If you recall in our 2015 Outlook, published on January 31, Virtus Wealth Management expects 2015 to be the peak of the bull market.  There are many reasons for this call and we know after a 7 year bull market we aren’t stepping too far onto a ledge.  However, the purpose is never to be right nor is it to make some outlandish call hoping it proves to be correct so we can boast about it later.  The purpose is to help people examine their portfolio to see if they are comfortable with the risk they are taking at any given point.  We actually received another signal that might indicate that the top of the market is nearby.  The signal came from the Misery Index.  The Misery Index was created by Arthur Okun and is simply the unemployment rate plus the inflation rate.  The higher the number, the more misery felt by the people.
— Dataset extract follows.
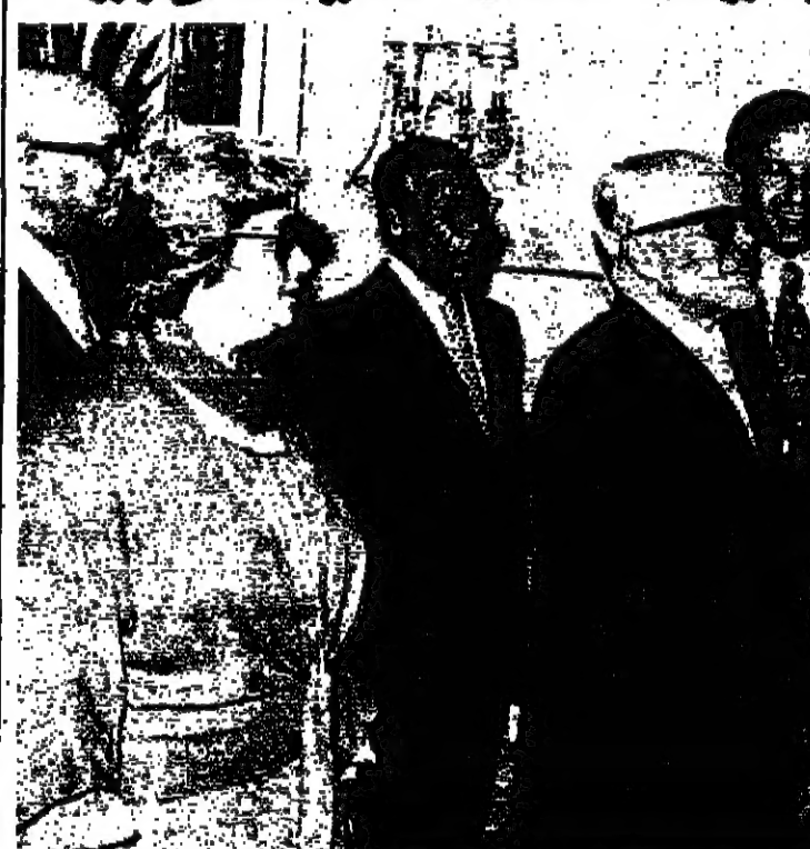
الرئيس الجديد بورقيبة يستقبل الشيخ بيار الجميل محافظ بحرمه السيدة وسيلة، ورئيس الوزراء الهادي نويرة ورئيس مجلس الأمة السابق القديم.

جدا وذات نتيجة عملية. ما رايك ياخافي شورا الذي تم... المأمور هو التمييز وأن شاء الله... كل قرانا وإمكاننا للخروج من الحنة التي نحن فيها.

It is a signal because in the past when it reaches certain levels it has been a leading indicator for stock market performance.  If things are really good out there and both unemployment and inflation are low; as they are today, where does the improvement in earnings come from?  Historical data shows it isn’t reasonable to expect both unemployment and inflation to stay low long-term, they have shown to be cyclical.  Likewise, if unemployment is high and inflation is high, there is more room for improvement going forward.

Recently the Misery Index broke below 6, making 2015 one of only 6 years since 1965 to see the number that low.  The other years are 1965-1966, 1998-1999, and 2006.

What is important here are not the years that the index broke below 6 but the 3 years after the period in which it did.  For example, what was the performance of the stock market the three years after 1966, 1999, and 2006?  Many of those years are burned into our memories forever as 2008 is still a vivid memory for investors and the tech boom and bust of the later 1990s and early 2000s was historic.

Not surprisingly the S&P 500 did not perform well during those years after we had a period of nirvana in the economy in which both unemployment was low and inflation was muted.  The three years after the Misery Index was last recorded sub 6 in 1966 showed an annualized return of 1.1%, while the same period after the index was sub 6 in 1999 and 2006 provided a -3.1% and -1.3% annualized return, respectfully.   Thus, the markets underperformed historical averages the three years after a period of low unemployment and low inflation when both together were sub 6, like we see today.

Is this an omen of things to come?  This time could be different, but will it?  From my perspective, the question isn’t “if it will happen” but instead “are you prepared in case it does?”  As most of my clients know, we have taken precautionary steps to try to minimize the downside of their portfolios in case the markets do under perform.   Let’s not have our own personal misery levels rise like the Misery Index, whenever it does start moving higher.

The opinions voiced in this material are for general information only and are not intended to provide specific advice or recommendations for any individual. The economic forecasts set forth in the presentation may not develop as predicted and there can be no guarantee that strategies promoted will be successful. All performance referenced is historical and is no guarantee of future results. All indices are unmanaged and may not be invested into directly. The Standard & Poor’s 500 Index is a capitalization weighted index of 500 stocks designed to measure performance of the broad domestic economy through changes in the aggregate market value of 500 stocks representing all major industries. Investing involves risk including loss of principal. No strategy assures success or protects against loss.